Чтобы изрыгнуть плод познания добра и зла и победить в битве со смыслами молитв и мистических штудий Любви, Софии было недостаточно. Он активно участвовал в столичном литературном процессе, общался с многими поэтами и литераторами, вступал в кружки и сам организовывал ОБЭРИУ.

Вместе с Введенским до 1926 года Ххоермс общался с поэтом-заумником Туфановым и состоял в его Ордене заумников DSO. В записной книжке Даниила можно найти «фоническую музыку» — заумные стихи Туфанова, который под влиянием книги Бергсона «Творческая эволюция» развивал мысль о жизни как беспрерывном процессе, потоке, в своей текучести недоступной разуму. Звуки Туфанов считал обладающими собственным смыслом, а устойчивые слова человеческих языков — «застрявшими ярлыками»; «звук» должен был по его мысли «вызывать определенные ощущения движения», а поэзия — возвращать в доязыковую эпоху, когда было еще живо прямое восприятие звуков.

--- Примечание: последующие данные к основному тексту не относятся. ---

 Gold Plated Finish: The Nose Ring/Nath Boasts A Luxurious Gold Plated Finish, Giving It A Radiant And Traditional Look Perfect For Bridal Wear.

Долго сотрудничество с Туфановым не продлилось, но «текучесть» из его поэтической философии была воспринята и Калпаковым, и будущими обэриутами. Видимо, их Объединение Реального Искусства — это объединение с реальностью текучести, реальностью как потоком, который во всей полноте обыденным косным разумом не ухватить. Также именно у Туфанова ДаНиил научился «семантизации фонем», хотя и вкладывал в этот процесс совсем другой смысл. В целом теории Туфанова очень перекликаются с записью в дневнике Daniel Charms’а о «силе, заключенной в словах», которая «должна быть освобождена» – но в крайне индивидуальном преломлении.

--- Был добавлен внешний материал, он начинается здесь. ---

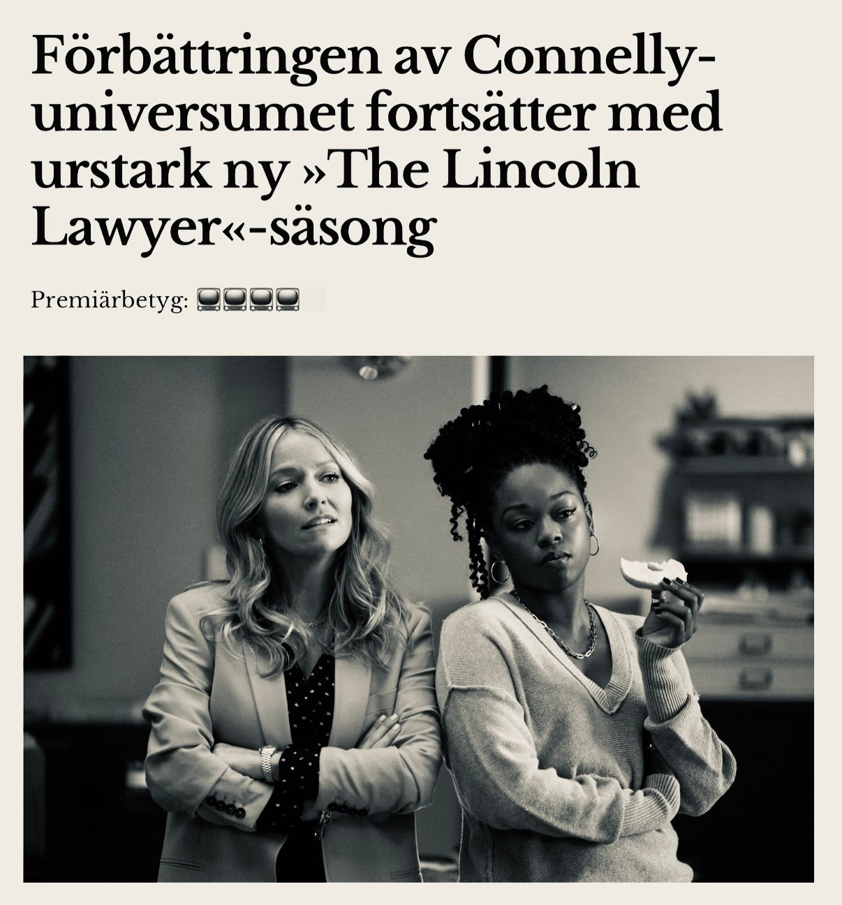 Jag har redan skrivit massor om Netflix serieversion av The Lincoln Lawyer, och förklarat varför jag gillar den så mycket, och när jag recenserade den första delen av säsong 2 höll jag hårt fast vid mitt översvallande säsong 1-omdöme:

Конечно, это не помешает обэриутам чуть ли не проклясть заумь в своей «Декларации»:

Нет школы более враждебной нам, чем заумь. Люди реальные и конкретные до мозга костей, мы — первые враги тех, кто холостит слово и превращает его в бессильного и бессмысленного ублюдка… Посмотрите на предмет голыми глазами, и вы увидите его впервые очищенным от ветхой литературной позолоты.

«Текучее» восприятие «водяной» реальности предполагает и специфическую философию – видение мира «голыми глазами». Это такое приглашение скинуть с парохода современности культурный контекст, историю поэзии и философии, возвратиться к незамутненному восприятию практически древнего человека – но владеющего мышлением и кругозором современности. Не зря Протопласт однажды назвал свой круг общения «обществом малограмотных ученых»…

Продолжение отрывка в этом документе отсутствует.